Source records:
☆ ☆ ☆
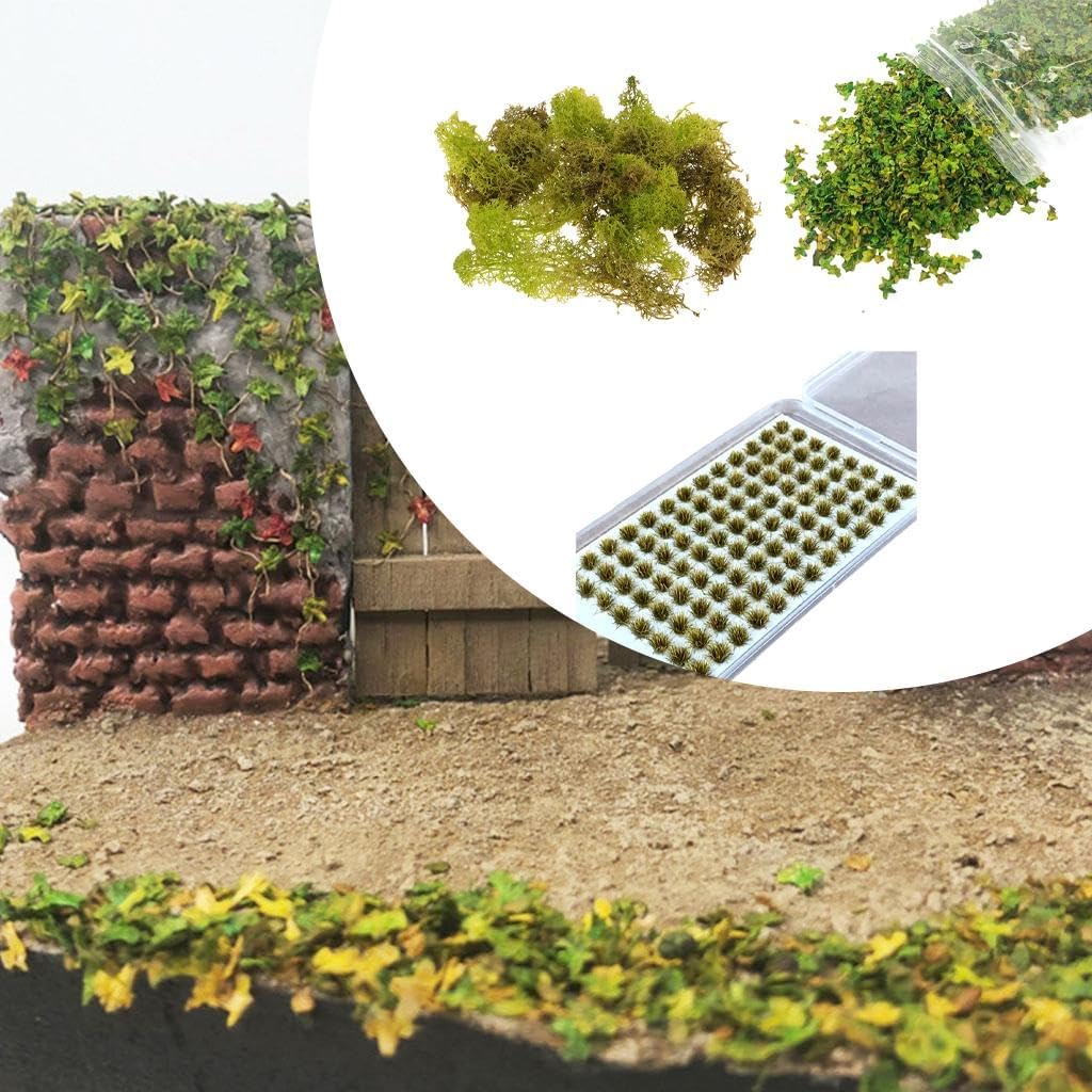 【APPLICAZIONE】Il modello di grappolo di fiori e il modello di mini foglie sono adatti per il layout ferroviario, lo scenario ferroviario, il modello in miniatura, il modello di tavolo di sabbia del treno, il modello architettonico, la decorazione di scene di soldati, la decorazione di micro paesaggi, il paesaggio di scenari architettonici fai-da-te, il modello di edificio, ecc. 【MATERIALE】Il modello di erba in miniatura è realizzato in materiale di resina, di piccole dimensioni, leggero 【CIUFFI D'ERBA IN MINIATURA FAI DA TE】Modello di ciuffi d'erba fai da te, decorazione paesaggistica in miniatura. Il design accattivante e i dettagli realistici possono rendere le tue miniature più vivide. 【Utilizzo】Il modello di ciuffi d'erba rende la scena più realistica, adatta per case delle bambole, micro paesaggi, giardini delle fate, modellini di treni ferroviari, ecc. 【IL PACCHETTO INCLUDE】1 scatola di modello di ciuffo d'erba in miniatura (104 pezzi), modello di erba di sabbia da 500 ml, modello di foglie in miniatura da 33 ml
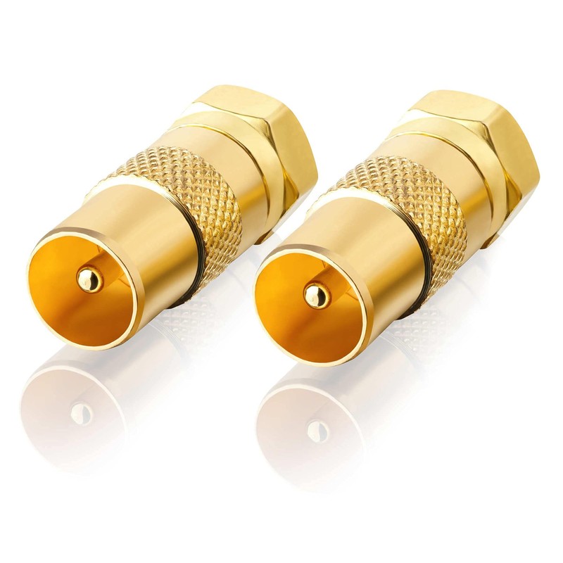 • An adapter consists of a male F-connector and a male coaxial plug (antenna plug IEC).
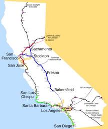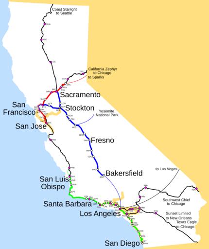 Keywords: Amtrak California map.svg Simplified version exists at Image Amtrak California simplified map svg Map of Amtrak routes in California highlighting the Amtrak California services Capitol Corridor red Pacific Surfliner green San Joaquins blue Other Amtrak routes daily or less are in black Stations served by those trains have a purple center Thin lines are Thruway Motorcoach bus connections Thick orangish lines are commuter rail Altamont Commuter Express Caltrain Metrolink and San Diego Coaster <gallery> File Amtrak California map svg </gallery> Amtrak maps Rail transport maps of California Public transport maps of California Amtrak California spuimap |
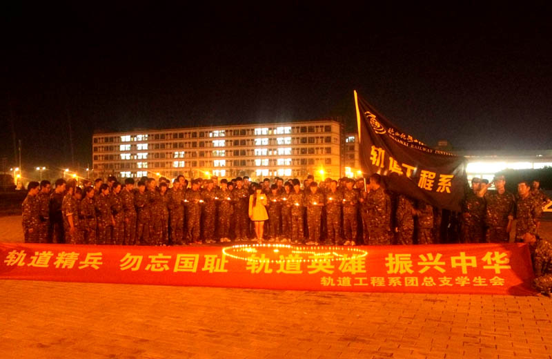 轨道系的学生与蜡烛分别排列成“九·一八”图形来纪念“九·一八”事变84周年,同学们“勿忘国耻、振兴中华”的高呼声和着渭南市“九·一八”警报声在渭南市上空、在人们心中久久回荡。(李鸿彬/文 杨光/图)
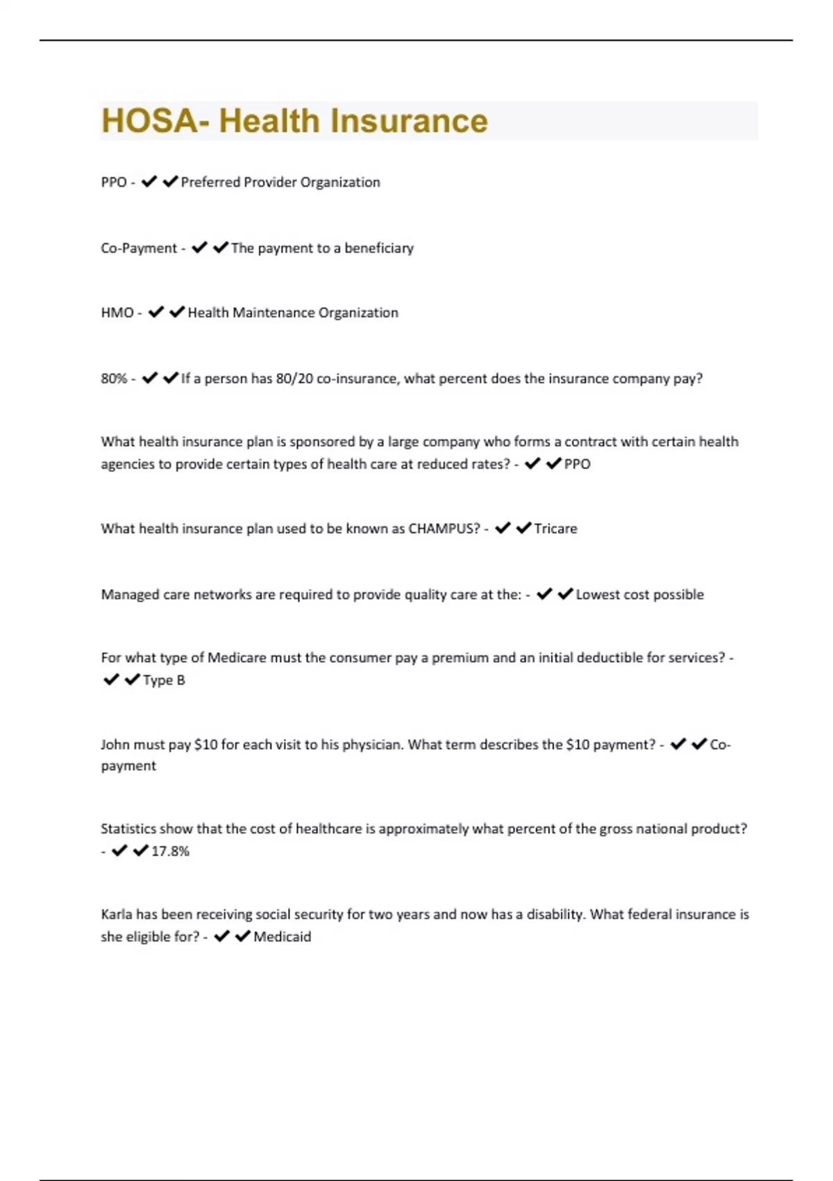 HOSA- Health Insurance Questions and Answers Solved Correctly
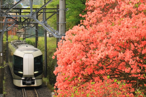 満開のつつじの前で、南武線のラインカラーがすれ違い。
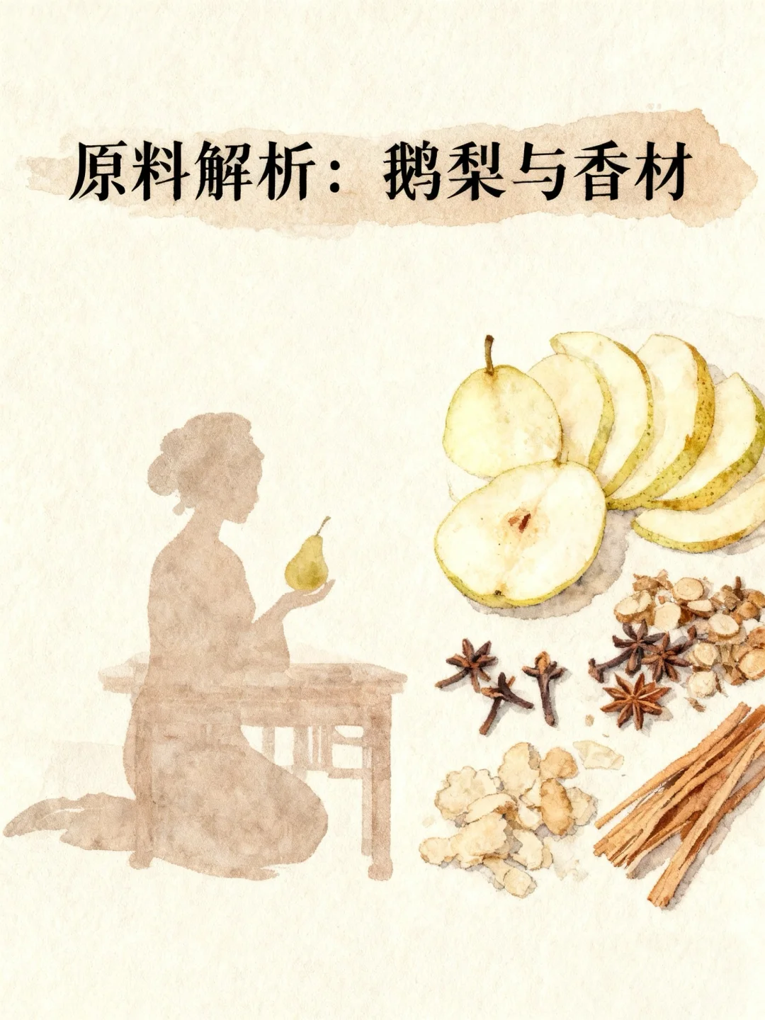主角 - 鹅梨: 不是天鹅的梨,是一种皮薄多汁、香气清甜的青梨(或榲桲,一种类似梨子的水果)。
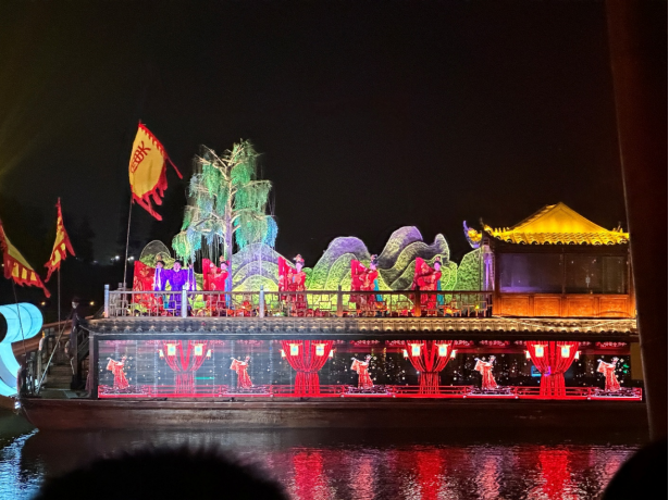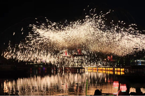 晚饭后,全体同学前往柳叶湖渔歌艺术营地,欣赏实景演出《柳叶船说》。
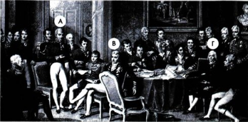 «Συνέδριο της Βιέννης (1814-1815)». Οι εκπρόσωποι των ευρωπαϊκών κρατών διαπραγματεύονται στο Συνέδριο της Βιέννης. Α. Ο Αυστριακός καγκελάριος Μέτερνιχ. Β. Ο υπουργός Εξωτερικών της Μ. Βρετανίας κόμης Κάσλρι. Γ. Ο υπουργός Εξωτερικών της Γαλλίας Ταλεϋράνδος.
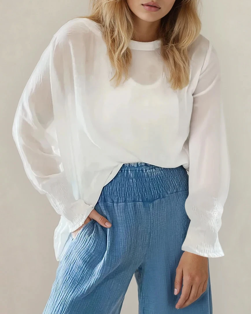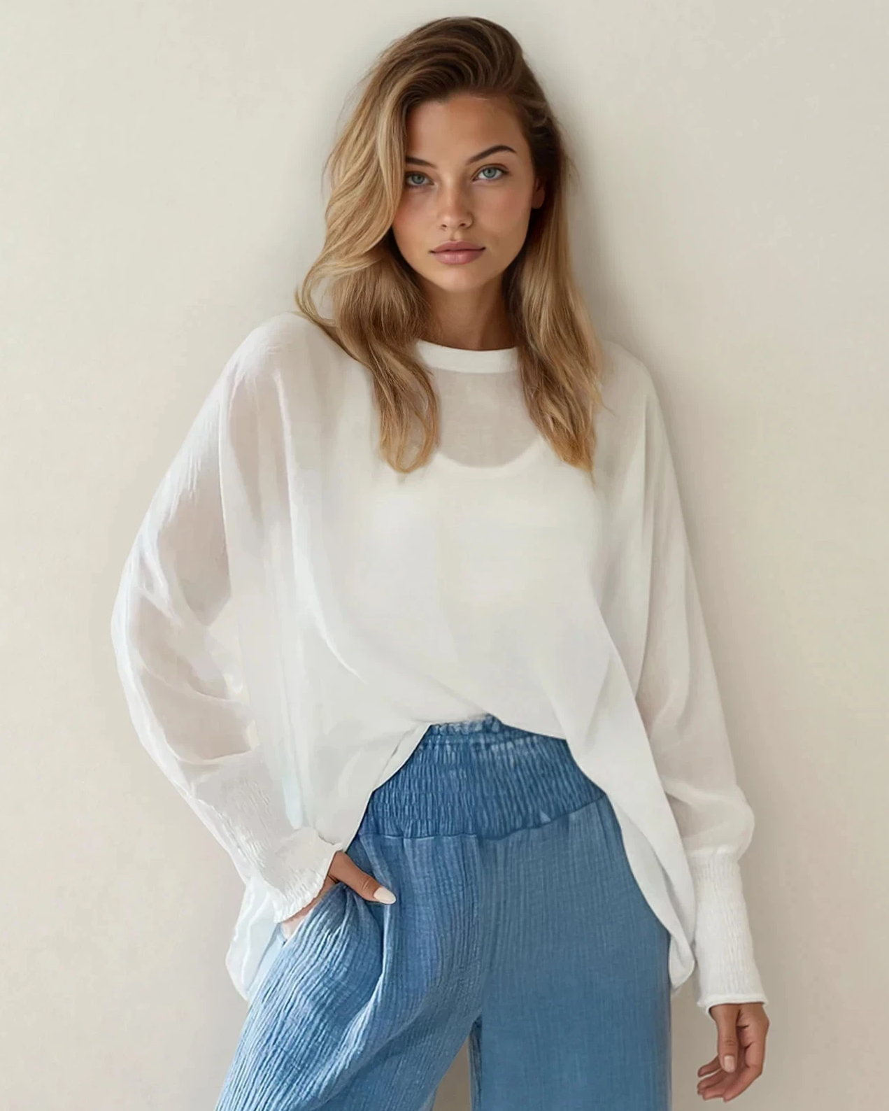 PREORDER Marley Smocked Cuffs Semi Sheer Long Sleeve Dolman Blouse | Dropship
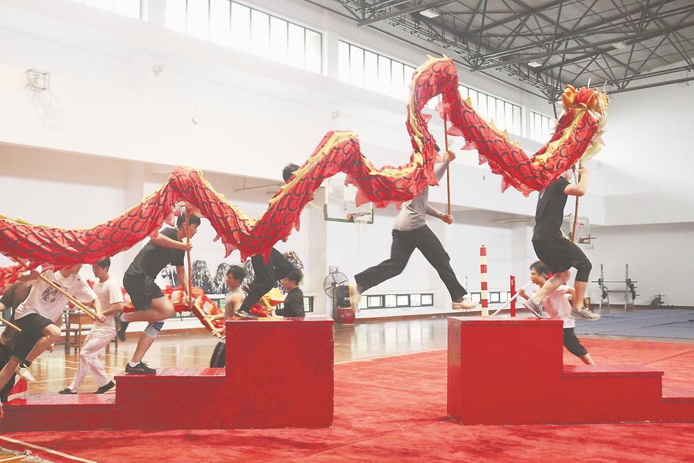 集美大學(xué)體育館內(nèi),舞龍隊隊員訓(xùn)練揮汗如雨。
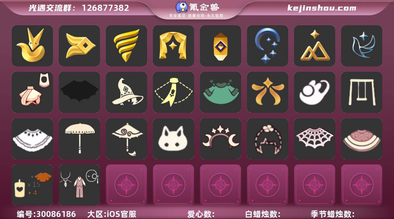 账号类型: 邮箱账号 季节已毕业: 梦想季,小王子季,潜海季,表演季,破晓季,欧若拉季,集结季,夜行季,追忆季,归巢季,九色鹿季,筑巢季 完成地图: 晨岛,云野,雨林,霞谷,暮土,禁阁 珍稀物品: 白枭,透明蝶翼斗,玫瑰花,彩虹围巾 礼包: 蝙蝠套,巫师,围巾,绊爱,鹿角,蜘蛛斗,秋千,茶桌,茶壶,白绒金,女巫裙,福娃,跷跷板,小船,吉他,雪花球,绒帽,橘子,贝壳,黄伞,红伞,兔子,南瓜,枯角,雪花,竖琴,水母,星月头饰,新年裤,四叶草,创始人,蛛网朋克 裤子: 武士裤,背带裤,搓澡巾,王子服,蓝绿裤,飞天裤,筑巢季·裤子 面具: 凤凰面具,贴花面具,呼吸面具,夜行毕业面具,黄眉企鹅面具 面饰: 红耳机,黑框眼镜 项链: 围巾 发型: 归巢毕业发型,若笠,虚荣,单侧绑发,小王子发型,留辫蘑菇头,飞天盘发 头饰: 行军锅头盔,蓝色音乐会,平顶帽 斗篷: 海洋斗,蟑螂斗,绿芽,粉红绒毛斗篷,遥鲲斗篷,黄色连帽披风,燕尾斗篷,冥龙斗篷 配饰: 雨伞,筑巢季·小手办,高音钢琴,相机,玫瑰花,鲲灯 亮点: 【优质装备】:表演季,白枭(帝企鹅发),武士裤,梦想季,小王子季(王子季),潜海季,破晓季,透明蝶翼斗,欧若拉季(欧若拉),归巢毕业发型(五塑彩羽发),行军锅头盔(六边锅帽子)(双耳锅帽子),筑巢季·小手办(光之子试衣),高音钢琴(白色高脚钢琴),集结季,玫瑰花,夜行季,追忆季,相机(季卡相机),彩虹围巾(五塑彩带斗),归巢季,九色鹿(九色鹿季),王子服(小王子套装),蓝绿裤(高领舞服),飞天裤(柔缎花边连)(九色鹿丝带裤),蟑螂斗(凤凰斗篷),围巾(肩带),筑巢季,蝙蝠套(蝙蝠斗篷)(南瓜头),绊爱(绊爱斗篷)(绊爱礼包),秋千(情人秋千),红耳机,围巾(小王子斗篷)(小王子围巾),鹿角(圣诞鹿角),蜘蛛斗(蛛丝斗篷)(蛛网斗篷),巫师(巫师帽),晨岛,云野,雨林,霞谷,墓土(暮土),禁阁,若笠(箬笠),筑巢季·裤子(设计师长袍),凤凰面具,贴花面具(丛林黑面具),呼吸面具(潜水面具),夜行毕业面具(棕熊面具),黄眉企...
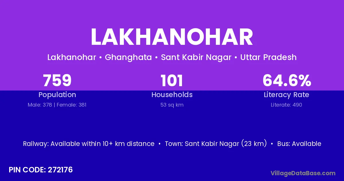 Sant Kabir Nagar (23 km) is the nearest town to Lakhanohar village for major economic activities and is located approximately 23 km away.
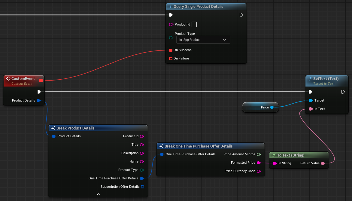 In this example, the Query Single Product Details node requests detailed information for a specific in-app product from the Google Play Console. When the query succeeds, the returned Product Details struct is passed to a Custom Event, where its fields are accessed using the Break Product Details node.
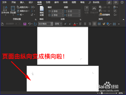 最后我们在扩展框中选择“横标的目的”,这时会发现新的页面就由纵标的目的酿成横标的目的啦!如图所示:
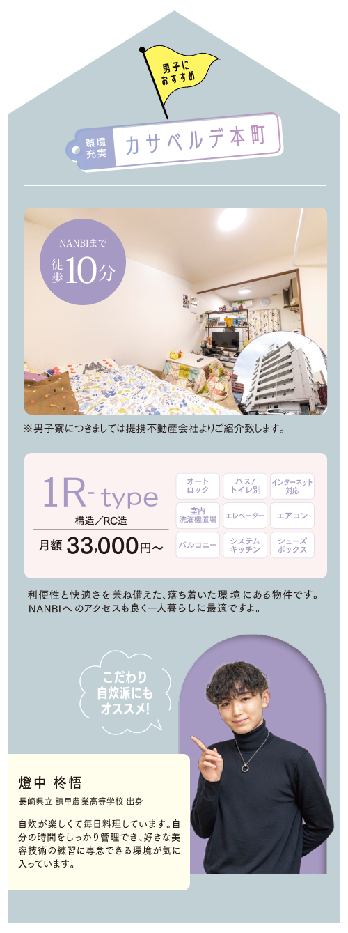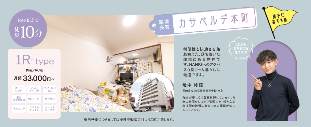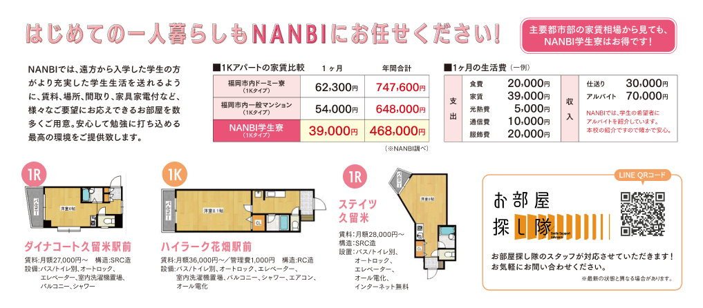 はじめての一人暮らしをサポートする学生寮・学生マンションを案内。家賃や設備、セキュリティ、通学条件等、様々な面からご要望に合う物件のご紹介が可能です。
☆ ☆ ☆
Return the records verbatim, minus pictures.

▶ **Exercise output**:
 【APPLICAZIONE】Il modello di grappolo di fiori e il modello di mini foglie sono adatti per il layout ferroviario, lo scenario ferroviario, il modello in miniatura, il modello di tavolo di sabbia del treno, il modello architettonico, la decorazione di scene di soldati, la decorazione di micro paesaggi, il paesaggio di scenari architettonici fai-da-te, il modello di edificio, ecc. 【MATERIALE】Il modello di erba in miniatura è realizzato in materiale di resina, di piccole dimensioni, leggero 【CIUFFI D'ERBA IN MINIATURA FAI DA TE】Modello di ciuffi d'erba fai da te, decorazione paesaggistica in miniatura. Il design accattivante e i dettagli realistici possono rendere le tue miniature più vivide. 【Utilizzo】Il modello di ciuffi d'erba rende la scena più realistica, adatta per case delle bambole, micro paesaggi, giardini delle fate, modellini di treni ferroviari, ecc. 【IL PACCHETTO INCLUDE】1 scatola di modello di ciuffo d'erba in miniatura (104 pezzi), modello di erba di sabbia da 500 ml, modello di foglie in miniatura da 33 ml
 • An adapter consists of a male F-connector and a male coaxial plug (antenna plug IEC).
 Keywords: Amtrak California map.svg Simplified version exists at Image Amtrak California simplified map svg Map of Amtrak routes in California highlighting the Amtrak California services Capitol Corridor red Pacific Surfliner green San Joaquins blue Other Amtrak routes daily or less are in black Stations served by those trains have a purple center Thin lines are Thruway Motorcoach bus connections Thick orangish lines are commuter rail Altamont Commuter Express Caltrain Metrolink and San Diego Coaster <gallery> File Amtrak California map svg </gallery> Amtrak maps Rail transport maps of California Public transport maps of California Amtrak California spuimap |
 轨道系的学生与蜡烛分别排列成“九·一八”图形来纪念“九·一八”事变84周年,同学们“勿忘国耻、振兴中华”的高呼声和着渭南市“九·一八”警报声在渭南市上空、在人们心中久久回荡。(李鸿彬/文 杨光/图)
 HOSA- Health Insurance Questions and Answers Solved Correctly
 満開のつつじの前で、南武線のラインカラーがすれ違い。
主角 - 鹅梨: 不是天鹅的梨,是一种皮薄多汁、香气清甜的青梨(或榲桲,一种类似梨子的水果)。
 晚饭后,全体同学前往柳叶湖渔歌艺术营地,欣赏实景演出《柳叶船说》。
 «Συνέδριο της Βιέννης (1814-1815)». Οι εκπρόσωποι των ευρωπαϊκών κρατών διαπραγματεύονται στο Συνέδριο της Βιέννης. Α. Ο Αυστριακός καγκελάριος Μέτερνιχ. Β. Ο υπουργός Εξωτερικών της Μ. Βρετανίας κόμης Κάσλρι. Γ. Ο υπουργός Εξωτερικών της Γαλλίας Ταλεϋράνδος.
 PREORDER Marley Smocked Cuffs Semi Sheer Long Sleeve Dolman Blouse | Dropship
 集美大學(xué)體育館內(nèi),舞龍隊隊員訓(xùn)練揮汗如雨。
 账号类型: 邮箱账号 季节已毕业: 梦想季,小王子季,潜海季,表演季,破晓季,欧若拉季,集结季,夜行季,追忆季,归巢季,九色鹿季,筑巢季 完成地图: 晨岛,云野,雨林,霞谷,暮土,禁阁 珍稀物品: 白枭,透明蝶翼斗,玫瑰花,彩虹围巾 礼包: 蝙蝠套,巫师,围巾,绊爱,鹿角,蜘蛛斗,秋千,茶桌,茶壶,白绒金,女巫裙,福娃,跷跷板,小船,吉他,雪花球,绒帽,橘子,贝壳,黄伞,红伞,兔子,南瓜,枯角,雪花,竖琴,水母,星月头饰,新年裤,四叶草,创始人,蛛网朋克 裤子: 武士裤,背带裤,搓澡巾,王子服,蓝绿裤,飞天裤,筑巢季·裤子 面具: 凤凰面具,贴花面具,呼吸面具,夜行毕业面具,黄眉企鹅面具 面饰: 红耳机,黑框眼镜 项链: 围巾 发型: 归巢毕业发型,若笠,虚荣,单侧绑发,小王子发型,留辫蘑菇头,飞天盘发 头饰: 行军锅头盔,蓝色音乐会,平顶帽 斗篷: 海洋斗,蟑螂斗,绿芽,粉红绒毛斗篷,遥鲲斗篷,黄色连帽披风,燕尾斗篷,冥龙斗篷 配饰: 雨伞,筑巢季·小手办,高音钢琴,相机,玫瑰花,鲲灯 亮点: 【优质装备】:表演季,白枭(帝企鹅发),武士裤,梦想季,小王子季(王子季),潜海季,破晓季,透明蝶翼斗,欧若拉季(欧若拉),归巢毕业发型(五塑彩羽发),行军锅头盔(六边锅帽子)(双耳锅帽子),筑巢季·小手办(光之子试衣),高音钢琴(白色高脚钢琴),集结季,玫瑰花,夜行季,追忆季,相机(季卡相机),彩虹围巾(五塑彩带斗),归巢季,九色鹿(九色鹿季),王子服(小王子套装),蓝绿裤(高领舞服),飞天裤(柔缎花边连)(九色鹿丝带裤),蟑螂斗(凤凰斗篷),围巾(肩带),筑巢季,蝙蝠套(蝙蝠斗篷)(南瓜头),绊爱(绊爱斗篷)(绊爱礼包),秋千(情人秋千),红耳机,围巾(小王子斗篷)(小王子围巾),鹿角(圣诞鹿角),蜘蛛斗(蛛丝斗篷)(蛛网斗篷),巫师(巫师帽),晨岛,云野,雨林,霞谷,墓土(暮土),禁阁,若笠(箬笠),筑巢季·裤子(设计师长袍),凤凰面具,贴花面具(丛林黑面具),呼吸面具(潜水面具),夜行毕业面具(棕熊面具),黄眉企...
 Sant Kabir Nagar (23 km) is the nearest town to Lakhanohar village for major economic activities and is located approximately 23 km away.
 In this example, the Query Single Product Details node requests detailed information for a specific in-app product from the Google Play Console. When the query succeeds, the returned Product Details struct is passed to a Custom Event, where its fields are accessed using the Break Product Details node.
 最后我们在扩展框中选择“横标的目的”,这时会发现新的页面就由纵标的目的酿成横标的目的啦!如图所示:
 はじめての一人暮らしをサポートする学生寮・学生マンションを案内。家賃や設備、セキュリティ、通学条件等、様々な面からご要望に合う物件のご紹介が可能です。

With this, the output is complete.